Cytomegalovirus-specific CD137+CD4+ and CD137+CD8+ T cells were predominantly of the memory phenotype in both CMV-seropositive as well as CMV-seronegative patients. However, significantly higher percentages (P < 0.05) of CD137+CD4+ and CD137+CD8+ T cells in CMV-seronegative patients had a naive phenotype when compared to CMV-seropositive patients (Figures 1B,D, respectively). No differences were observed when comparing the maximal capacity of T cells to express CD137 between CMV-seronegative and CMV-seropositive patients upon PMA/ionomycin stimulation (Figures S2A,B in Supplementary Material).

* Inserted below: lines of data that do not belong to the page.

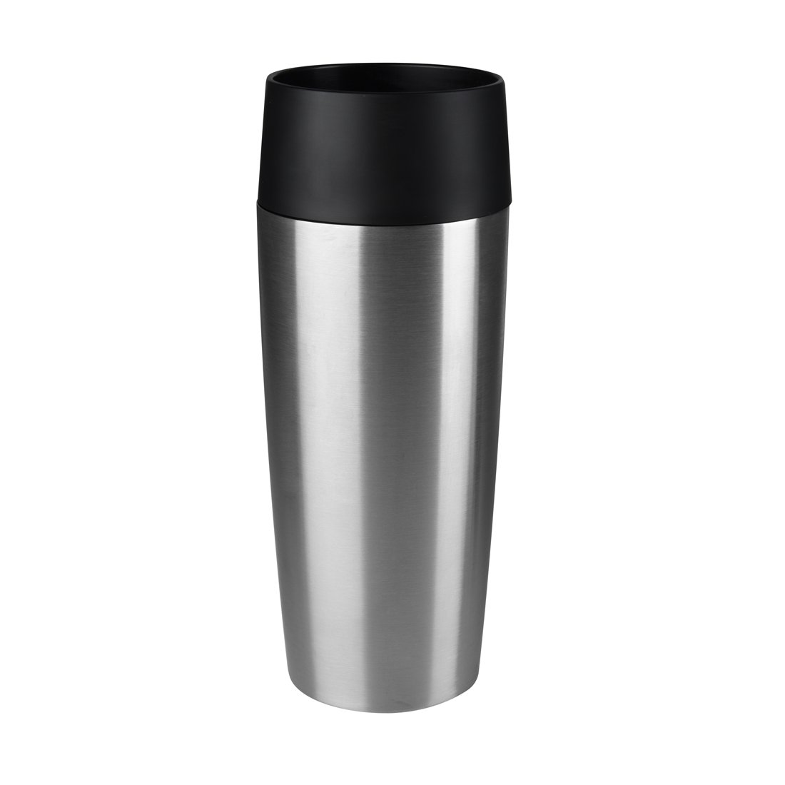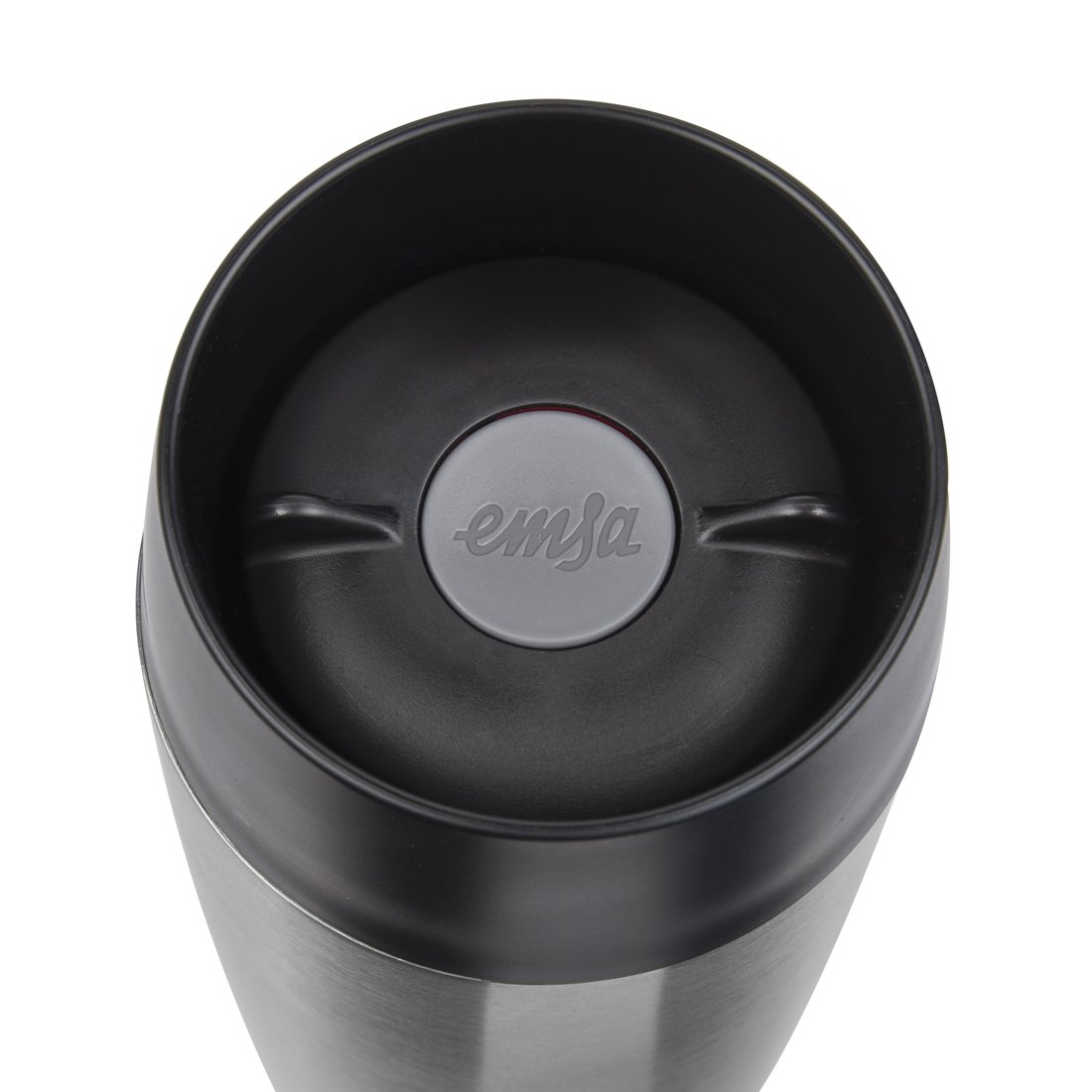 • Lieferumfang: 1 Emsa Isolierbecher Travel Mug Schwarz mit Silikon Manschette, Volumen: 360 ml, Material: 18/10 Edelstahl, PP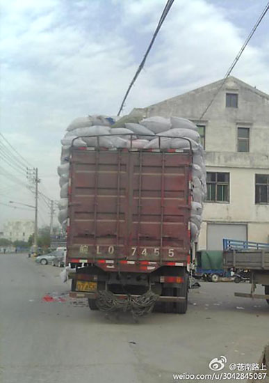 最近几天上午,都会有装满碎布条的货车在龙港镇海城社区海头村的龙舥公路旁卸货。高出车厢的货物每次都会顶到公路旁边的通讯电线,甚至有时还会有人用手扶住电线。通讯电线外圈虽然有绝缘层的保护,可一但出现破损后果不堪设想,值得警惕。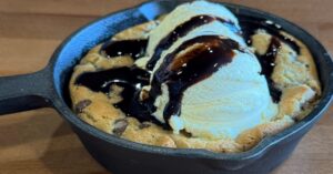 Chocolate Chip Cookie SkilletA warm, gooey, thick chocolate-chip cookie drizzled in chocolate fudge and with an optional scoop of premium vanilla ice-cream. |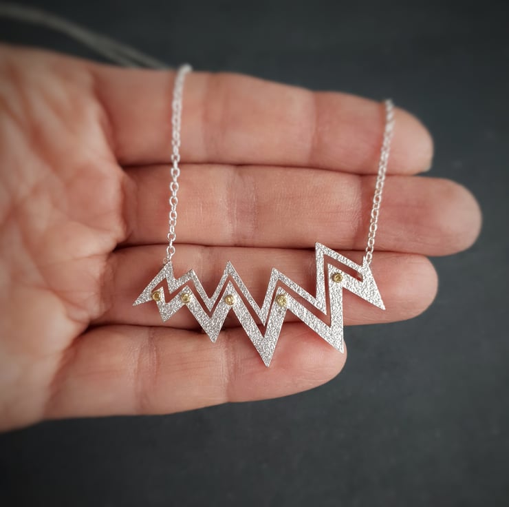 This striking zigzag-shaped necklace with a beautiful frosty finish has been handmade in Argentium sterling silver, 18 carat yellow gold and set with yellow sapphires. Argentium sterling silver is hypoallergenic and a perfect alternative for those allergic to ordinary sterling silver. It's still strong and bright in colour though and it doesn't tarnish, which is such an advantage.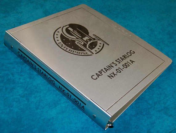 Description: This impressive binder was made for use on the Star Trek: Enterprise series. Presumably made for “Captain Archer” (Scott Bakula), the standard Unites States three ringed binder features the ‘Enterprise' logo on the front. Also on the front and along the spine it reads “Captain’s Starlog NX-01-001A”. Measures approx. 11¾ x 10 ½ x 2 inches.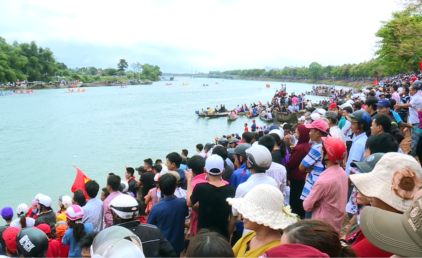 Hàng ngàn người dân tập trung hai bên bờ sông Bồ theo dõi các đội đua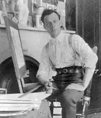 In New York, he spent two years (and a third year of night school) studying at the Art Students League. He had five paintings exhibited in the Armory Show of 1913, and he was also represented by the N. E. Montross Gallery (same as 'The Eight' or Ashcan School artists).[3] In 1912, he married Frances May (known as Patsy) and later they moved to Boston Corners, a small hamlet where Milne painted with oils and watercolours.[4] Milne left Boston Corners in 1917 for basic training in Toronto for World War I. He was stationed in Quebec and then quarantined in England for a month, during which time World War I ended. Because of his background as an artist, he was asked to complete paintings and drawings as a war artist. Milne produced artworks of battlefields in France and Belgium as well as of soldiers in Kinmel Park Camp in England.[5]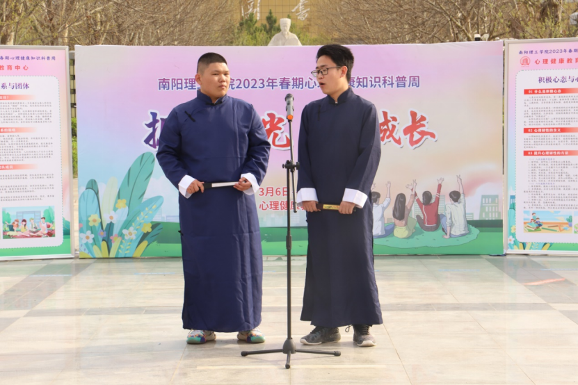 活动现场放置了关于心理健康知识的立牌,并设有逾新茶艺社、书法协会、同庆相声社、读书会友协会四个活动区。同学们可以通过立牌了解相关心理知识,随后在书法、品茶、相声的闲适氛围中缓解心理压力。活动的最后,舞蹈队、同庆相声社也为大家带来了精彩的表演,至此活动完美结束。
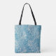 Dieses hübsche, blau-weiße Blumenmuster ist auf beiden Seiten des Totensacks zu sehen, mit einem dekorativen Gittermuster, das das Blumendesign auf einer Seite überlagert.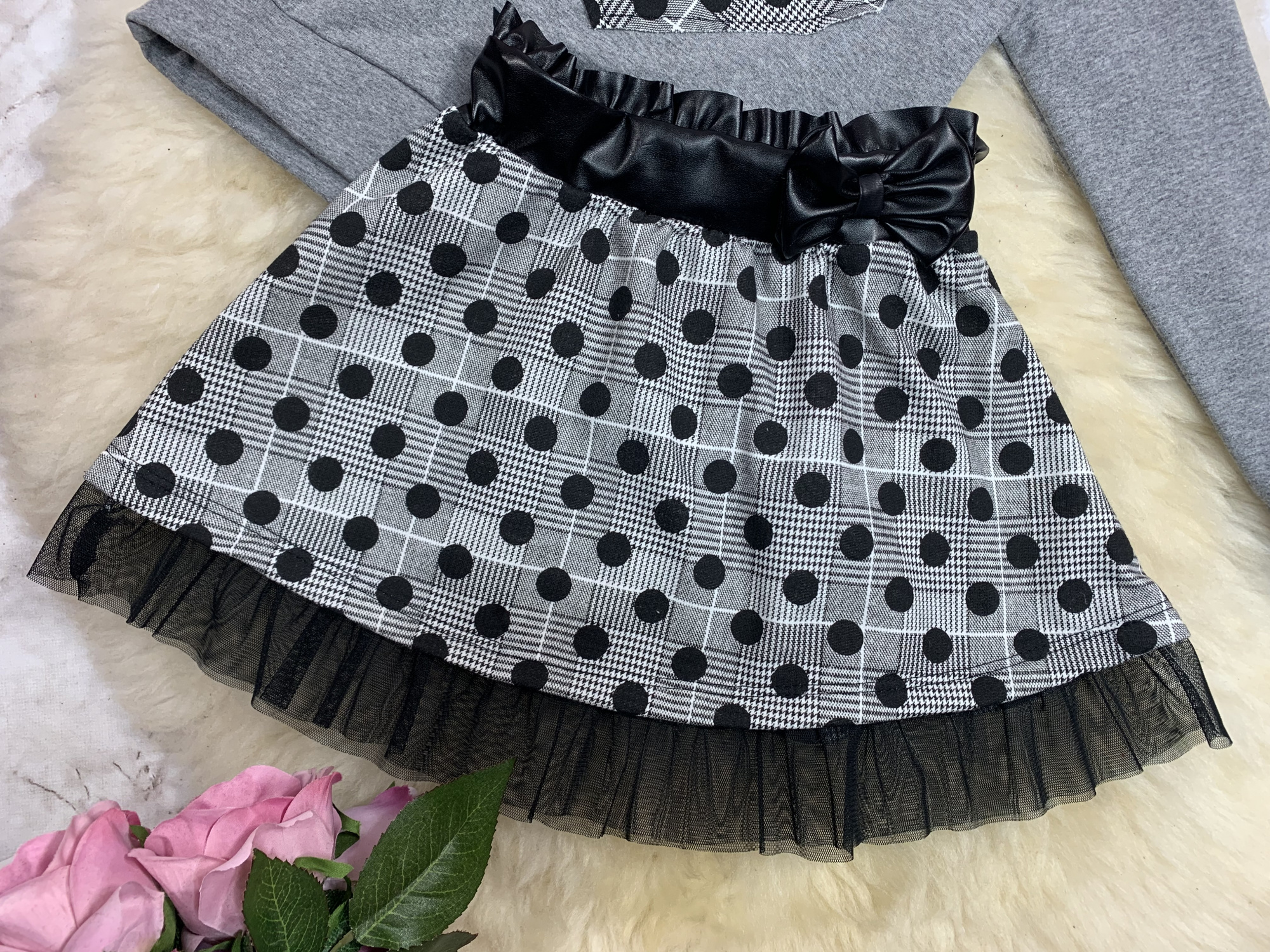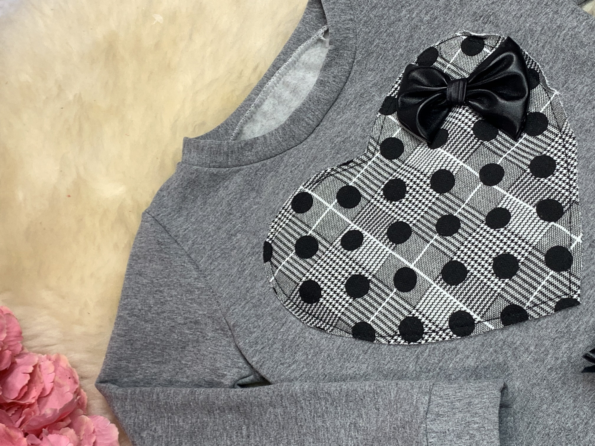 - na komplet składa się bluza ocieplana z pięknym sercem w pepitkę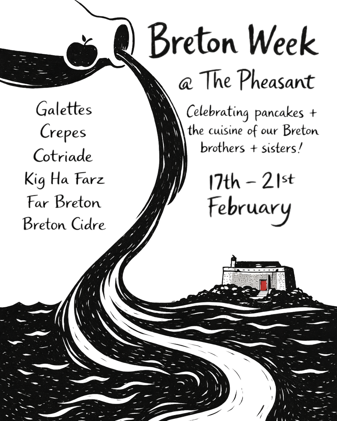 Cornwall and Brittany share deep, centuries-old connections hailing back to Celtic times and are linked by language, migration, geography and food. The produce of Brittany is very similar to Cornwall - with seafood, dairy and apples at the forefront. We have written a menu full of Breton specialities which we will be cooking from Tuesday 17th through to Saturday 21st, think galettes - savoury buckwheat pancakes, Cotriade - the fish stew of Brittany, Kig Ha Farz - a rustic dish of braised meat and cabbage, Far Breton - the eponymous baked custard and prune dessert.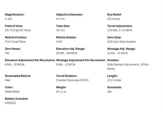 De richtkijker heeft een minimale vergroting van 4x en een mraximale vergroting van 16x, waarmee je lekker dichtbij het doelwit kunt komen. Bij de minimale vergroting heeft de richtkijker een gezichtsveld van 9.14 meter op een afstand van 91.44 meter en bij de maximale vergroting heeft hij een gezichtsveld van 2.28 meter. Met de parallax-turret kun je de parallax verstellen van 9.14 meter (9.14 yards) tot oneindigheid. Over de turrets gesproken; de hoogteturret heeft een maximaal stelbereik van 25 MRAD en de zijturret heeft een stelbereik van 12 MRAD. De zijturret is tevens voorzien van een cap, die met schroefdraad vast te draaien is. Beide turrets hebben een verstelling van 0.1 MRAD per klik.
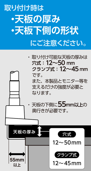 ※取り付けるモニターによっては、VESAヘッドがモニターの取り付け穴近辺のベゼルやコネクタなどに干渉する場合があります。 - 対応天板厚:クランプ式12 ~ 45mm / 穴式12 ~ 50mm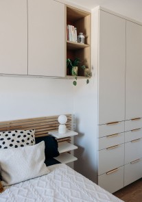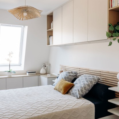 Un meuble bas petite largeur intègre, sous la fenêtre, du rangement, dont une étagère ouverte pour les livres. Un chevet au design original encadre le lit tandis qu’au-dessus des meubles hauts offrent des placards supplémentaires dans une belle unité avec les armoires du dressing adjacent.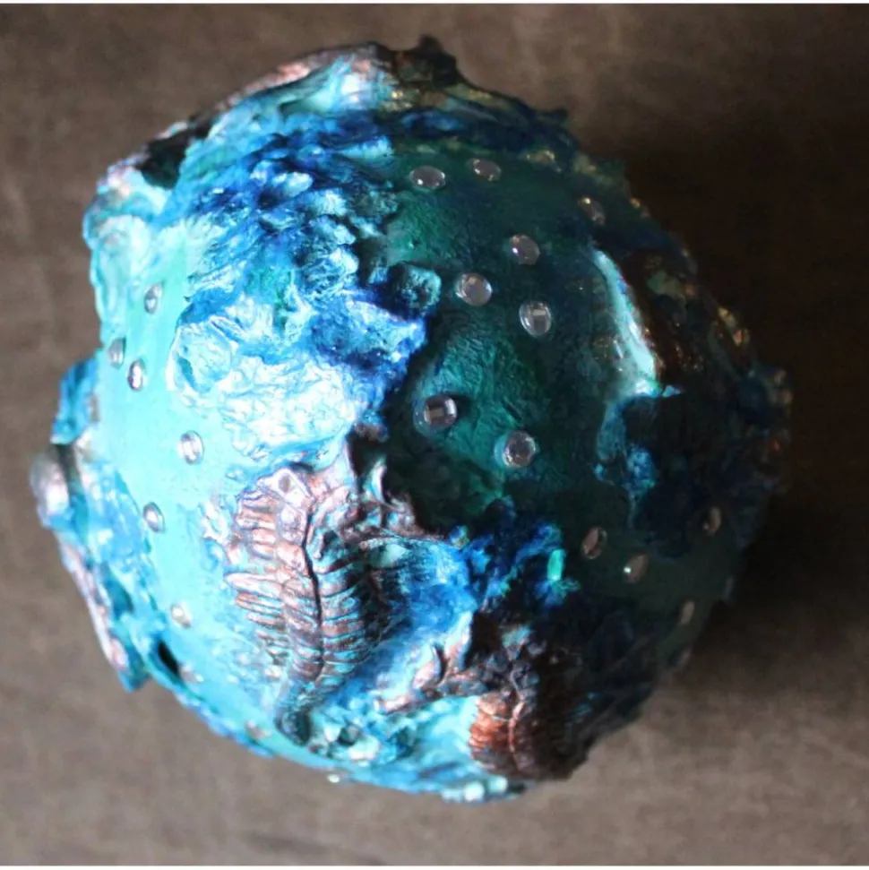 Deko-Ei aus Keramik im maritimen Stil. Verziert mit aus Modelliermasse geformten Seepferdchen, Octopus, Meerjungfrau und diversen Ornamenten. Mit Glitzersteinen und Acrylfarben gestaltet, witziges Künstler-Ei der etwas anderen Art! Tolle Vintage-Effekte durch Verwendung von kupfernen Effekten und Rissbildung in der Farbe.

CMV-Specific T Cells in CMV-Seronegative Patients Produce IFNγ and IL-2

Next, the presence and distribution of IFNγ- and IL-2-producing CMV-specific T cells were studied. In 13 out of 28 CMV-seronegative patients, CMV-specific IFNγ+CD137+CD4+T cells were present and median (IQ range) frequencies amounted to 0.01% (0.01–0.04%) versus 0.58% (0.16–0.87%) for CMV-seropositive patients, that all had CMV-specific IFNγ+CD137+CD4+T cells (Figure 1E, P < 0.001). In CMV-seronegative patients, approximately 37% of the CMV-specific CD137-expressing CD4+T cells produced IFNγ compared to 69% in CMV-seropositive patients (P < 0.05). IFNγ-producing CMV-specific CD137+CD4+ T cells all co-expressed CD28, and similar frequencies were present within the CM and EM subset of CMV-seronegative patients. In CMV-seropositive patients, a slightly more differentiated phenotype was observed as 16% (P < 0.01) of these cells lacked CD28 and 75% were classified as EM T cells (Figure 1F).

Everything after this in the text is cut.